The Nevada Tax Commission approved a regulation adopting economic nexus for sales and use tax purposes with thresholds substantially similar to those under South Dakota law (more than $100,000 in sales or 200 or more separate transactions for delivery into the state in the current or preceding calendar year). Under the Nevada regulation, a remote seller is required to register with the Nevada Department of Taxation beginning on, and no later than, the first day of the first calendar month that begins at least 30 days after the retailer meets or exceeds the thresholds. The regulation must receive final approval from a legislative commission.

South Dakota

The governor signed into law Senate Bill 1—legislation that removes an injunction preventing South Dakota from enforcing its sales tax economic nexus law for all taxpayers except the named litigants in the ongoing lawsuit, South Dakota v. Wayfair, Inc. 

Under Senate Bill 1, South Dakota's economic nexus law—applying to remote sellers making over $100,000 in South Dakota sales or 200 or more separate transactions for delivery into South Dakota—has an effective date of November 1, 2018. 

The governor also signed Senate Bill 2 that imposes a collection obligation on certain marketplaces effective March 1, 2019.

Texas

The Comptroller’s office has developed a proposed regulation to implement the Wayfair decision and released the proposed regulation to two advisory committees for comment and feedback. 

The proposed regulation would:

  • Amend the definition of “engaged in business” to include the systematic solicitation of sales through various types of communication systems for the purpose of effecting sales of taxable items
  • Create a safe harbor for remote sellers with “total revenue” (gross revenue from the sale of tangible personal property and services for storage, use, or other consumption in the state) in the preceding 12 calendar months of less than $500,000

A remote seller meeting the threshold must begin collecting Texas sales and use tax not later than the first day of the fourth month after the month in which a remote seller exceeds the safe harbor. 

Under the proposed regulation, the initial 12-month period for the safe harbor would be July 1, 2018 - June 30, 2019. If a remote seller’s gross revenues exceed $500,000 during this period, the remote seller would have to obtain a permit and begin collecting sales and use taxes no later than October 1, 2019. A remote seller may terminate collection if its gross revenue for 12 consecutive months is below the $500,000 safe harbor. 

Once feedback is received from the advisory committees, a formal regulation would be proposed and that would initiate an additional 30-day comment period.

Wisconsin

The Department of Revenue issued an emergency regulation to repeal and replace a provision of the state’s administrative code for tax (section 11.97).

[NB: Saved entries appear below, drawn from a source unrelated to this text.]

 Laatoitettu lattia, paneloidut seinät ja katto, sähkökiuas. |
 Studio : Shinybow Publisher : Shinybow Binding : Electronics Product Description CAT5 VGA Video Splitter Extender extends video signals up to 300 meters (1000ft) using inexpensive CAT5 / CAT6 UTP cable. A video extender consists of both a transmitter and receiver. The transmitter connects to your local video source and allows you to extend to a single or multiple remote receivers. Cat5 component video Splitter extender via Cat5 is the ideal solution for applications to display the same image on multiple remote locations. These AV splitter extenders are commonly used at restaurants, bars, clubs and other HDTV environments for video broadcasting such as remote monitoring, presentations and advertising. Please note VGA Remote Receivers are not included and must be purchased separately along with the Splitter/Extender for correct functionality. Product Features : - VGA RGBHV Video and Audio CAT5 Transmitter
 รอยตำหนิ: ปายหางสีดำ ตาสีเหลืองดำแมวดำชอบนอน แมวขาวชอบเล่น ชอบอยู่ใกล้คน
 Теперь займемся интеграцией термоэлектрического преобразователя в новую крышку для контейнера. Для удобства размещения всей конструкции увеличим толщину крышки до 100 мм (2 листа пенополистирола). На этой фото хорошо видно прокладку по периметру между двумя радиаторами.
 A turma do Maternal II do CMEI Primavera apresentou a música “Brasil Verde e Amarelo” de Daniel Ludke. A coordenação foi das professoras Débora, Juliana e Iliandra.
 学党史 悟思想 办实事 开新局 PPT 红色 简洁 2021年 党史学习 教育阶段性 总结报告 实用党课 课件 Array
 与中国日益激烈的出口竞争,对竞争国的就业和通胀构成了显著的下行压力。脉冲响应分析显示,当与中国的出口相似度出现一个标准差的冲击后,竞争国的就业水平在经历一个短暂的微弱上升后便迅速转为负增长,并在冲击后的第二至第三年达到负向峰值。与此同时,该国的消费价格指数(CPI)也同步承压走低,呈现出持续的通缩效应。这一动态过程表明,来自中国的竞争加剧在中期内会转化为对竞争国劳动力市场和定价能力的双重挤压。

The emergency regulation, effective October 1, 2018, provides that an out-of-state retailer having more than (1) $100,000 in annual gross sales (taxable and non-taxable) into Wisconsin, or (2) 200 or more separate sales transactions into Wisconsin, in the previous or current year, has an obligation to collect tax on sales into Wisconsin. 

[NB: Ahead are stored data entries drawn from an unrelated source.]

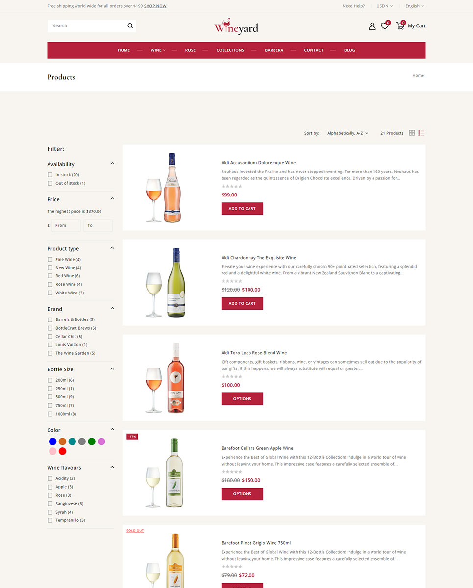 Wineyard is fully responsive and retina-ready, ensuring your store looks stunning and functions perfectly on all devices — from desktops to mobile phones. Optimized for speed and SEO, it helps improve your search engine rankings and provides a seamless user experience. The theme also includes support for multi-language and multi-currency, making it ideal for international wine retailers.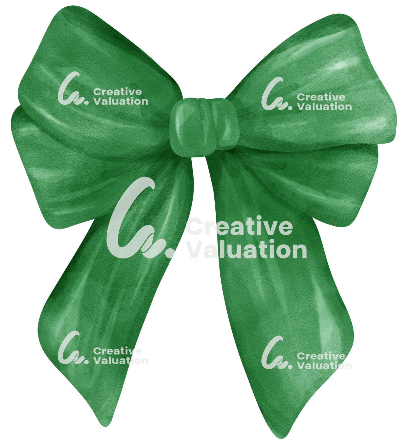 Coquette Green Ribbon Bow Watercolor Vintage Christmas Bow Painting in Retro Style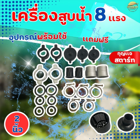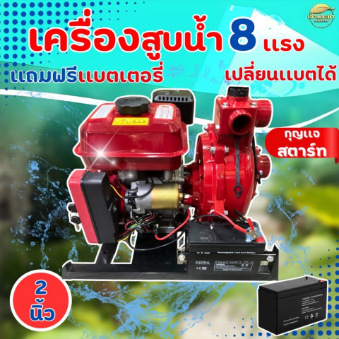 เครื่องสูบน้ำแรงดันสูง 8 แรง 2 ใบพัด รุ่น 2 นิ้ว กุญแจสตาร์ท รุ่นใหม่ล่าสุด สำหรับงานสูบน้ำหนักๆ ที่ต้องการทั้ง “ส่งสูง” และ “ส่งไกล” โดยเฉพาะงานส่งขึ้นเขา/พื้นที่ต่างระดับ ให้แรงดันสม่ำเสมอ ส่งสูงได้ถึง 65 เมตร และส่งไกลได้ประมาณ 1,000 เมตร พร้อมความสะดวกด้วยระบบ กุญแจสตาร์ท และแถมฟรีแบตเตอรี่ 8 แอมป์ พร้อมใช้งานทันที คุ้มค่าในราคา 5,810.30 บาท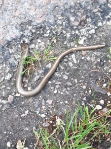 De regen van voorbije nacht liet heel wat dieren terug te voorschijn komen. Oa deze culinaire specialiteit. Ik had gerust een dozijntje kunnen verzamelen.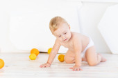 a mały szczęśliwy dziecko sześć miesięcy stary w a ciepły dzianina kurtka i niebieski dżinsy czołga się w domu w a jasny pokój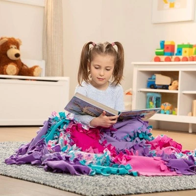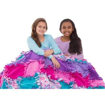 Want to make a super-cozy quilt in no time? Just knot it! We’ve made it fun and easy to make an extra-large, colorful fleece blanket. Just tuck the extra-wide and extra-long fringe into slits and tie single knots to piece together a uniquely you quilt! The fabric pieces are super thick, soft, and fuzzy on both sides for extra snuggling. The 48 12-inch by 12-inch pieces include fringe that’s nearly two inches long, making knotting fast and simple. The finished quilt is approximately four feet by five feet—or piece together fewer pieces to make scarves or smaller projects! Illustrated instructions and design ideas are included.

  • If the seller exceeds the threshold in the previous year (meaning the tax year of the taxpayer), the seller is required to collect for the entirety of the succeeding year. 
  • If the seller exceeds the threshold in the current year (but not the prior year), it is required to collect tax on all sales in the remainder of the current year and all of the succeeding year.

Federal legislative proposal

A bill (H.R. 6724) introduced in the U.S. House of Representatives would “limit the authority of a State to require remote sellers to collect taxes and fees owed by purchasers then located in such State incident to their purchases of goods and services from such sellers, and for other purposes.” 

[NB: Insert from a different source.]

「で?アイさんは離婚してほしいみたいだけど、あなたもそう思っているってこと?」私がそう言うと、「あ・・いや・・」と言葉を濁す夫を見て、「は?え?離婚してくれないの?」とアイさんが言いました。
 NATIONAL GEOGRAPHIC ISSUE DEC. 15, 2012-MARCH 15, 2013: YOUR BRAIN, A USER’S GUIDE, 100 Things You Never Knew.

The bill, known as the Protecting Businesses from Burdensome Compliance Cost Act of 2018, would not allow a state to require a remote seller to collect and remit until after the proposed effective date of January 1, 2019. The bill would require that the states impose a uniform rate that does not exceed the highest combined state and local rate applied in the state, and would prohibit subdivisions of states from requiring collection by remote sellers. The bill has been referred to the House Judiciary Committee.